Pressure in liquids [replacing lesson Pressure in liquids]

Let’s do an experiment! Take a plastic bottle. Using a nail or similar, make three identical holes, one above the other, distanced equally apart: one hole in the middle, one above, half-way between the top and the middle, and one below, half-way between the middle and the bottom. Tape over the holes. Fill the bottle with water.

Now, peel off the tape. Observe what happens. The water flows out through the holes in little streams. You can mark how far from the bottle each stream reaches. Is there any difference between the flow of water from each hole?

The topmost stream is slow, and doesn’t reach very far. The middle stream reaches a bit further. The bottommost stream comes out fast and reaches further away from the bottle than the other two. You might notice that as the bottle empties and the water level inside drops, all three flows start to lose speed and flow closer to the bottle. Finally the water streams begin one by one to stop squirting out of the bottle.

There is clearly some connection between the distance of the holes from the surface and how far the streams reach. In our experiment, gravitational force acts on the water, pulling it downwards. When a force spreads out over an area, this creates pressure. Now, by every hole, draw lines on the bottle. This way we can imagine the water in the bottle in different layers.

First, let's look at the line by the top hole. There is only one layer of water above it, so only one layer being pulled down by gravity. The layer of water exerts a small force, which means the pressure is low. But by the middle hole, there are two layers of water above. Two layers of water weigh more than one, so the gravitational force here is larger.

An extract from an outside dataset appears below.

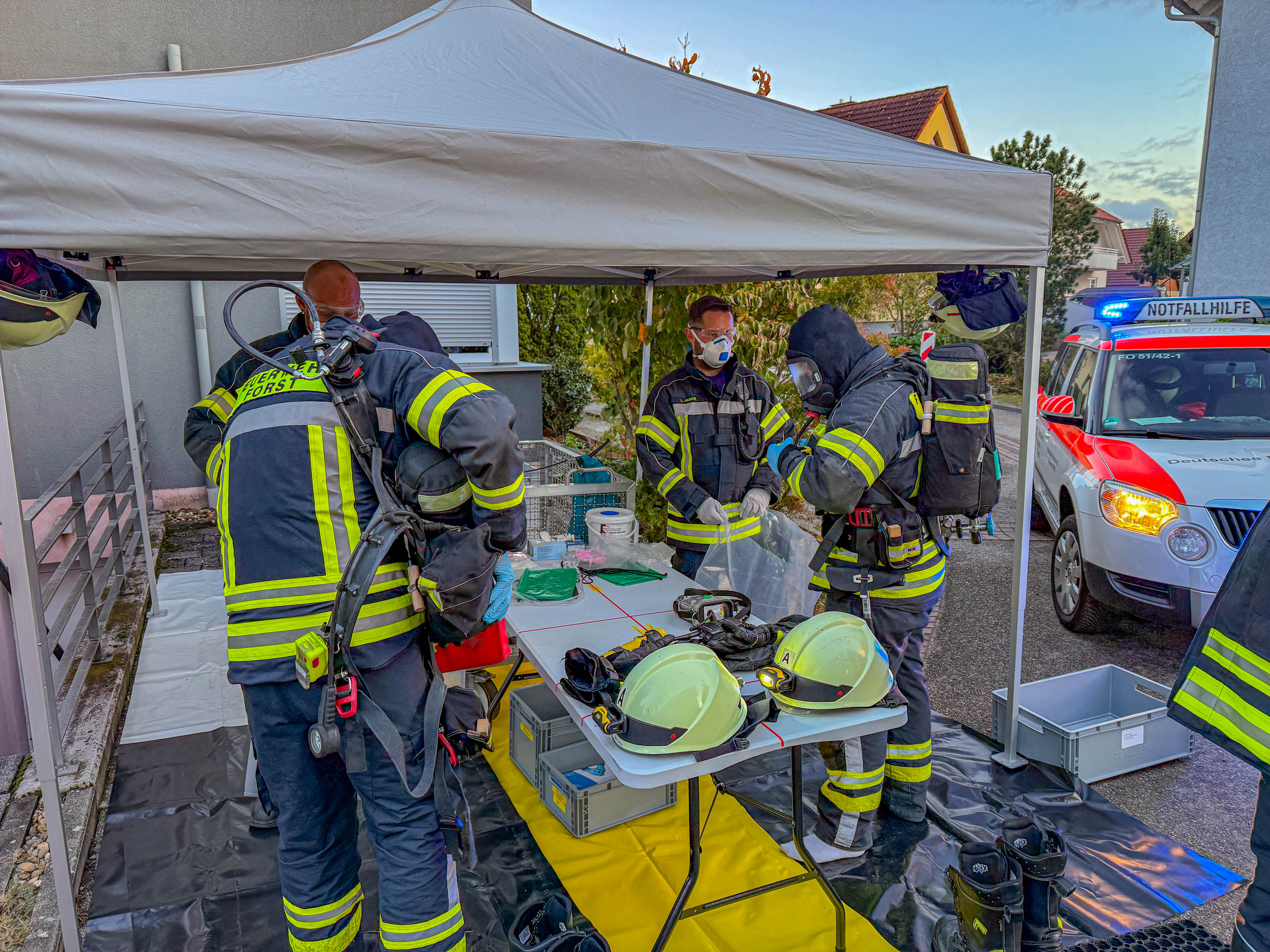 Das Übungsszenario stellte sich als besonders anspruchsvoll heraus, da gleich drei Personen an verschiedenen Orten in akuter Lebensgefahr waren und gleichzeitig eine Brandausbreitung auf das Wohnhaus sowie benachbarte Gebäude verhindert werden musste. Aufgrund der Komplexität wurde das Alarmstichwort fiktiv von „Brand 4“ auf „Brand 5“ erhöht.

Pressure is higher. Above the third hole are three layers of water. So the gravitational force is even larger and the pressure is the highest. More water means more weight and a larger gravitational force, therefore - more pressure. The pressure exerted by the liquid increases as the distance from the surface increases.

The further a point is from the surface of the liquid, the more pressure is created by all the water above that point. But if the gravitational force is acting downwards, why doesn’t the water just drip straight down from the hole? Think of a water balloon. If you press it on one side, its other sides expand. Water is a liquid.

Apply pressure to a liquid from one direction, and the liquid moves around, pressing out in all other directions. The same happens with the water in our bottle. When gravitational force presses the water downwards, the water in the bottle wants to move in other directions. It presses on the bottle’s sides and pushes through the holes. The more pressure there is from above, the more pressure there is to the sides of the bottle as well.

The deeper you go, the higher the pressure in all directions. And the higher the pressure, the further the stream reaches. Would the pressure be different if the container were another shape? Let’s see… Take two differently shaped containers and make holes at exactly the same height in both of them. Fill both containers to the same level.

Is there any difference between how the water flows? As long as both containers are filled with the same liquid, the same distance from the surface means the same pressure. No matter what the shape of the container!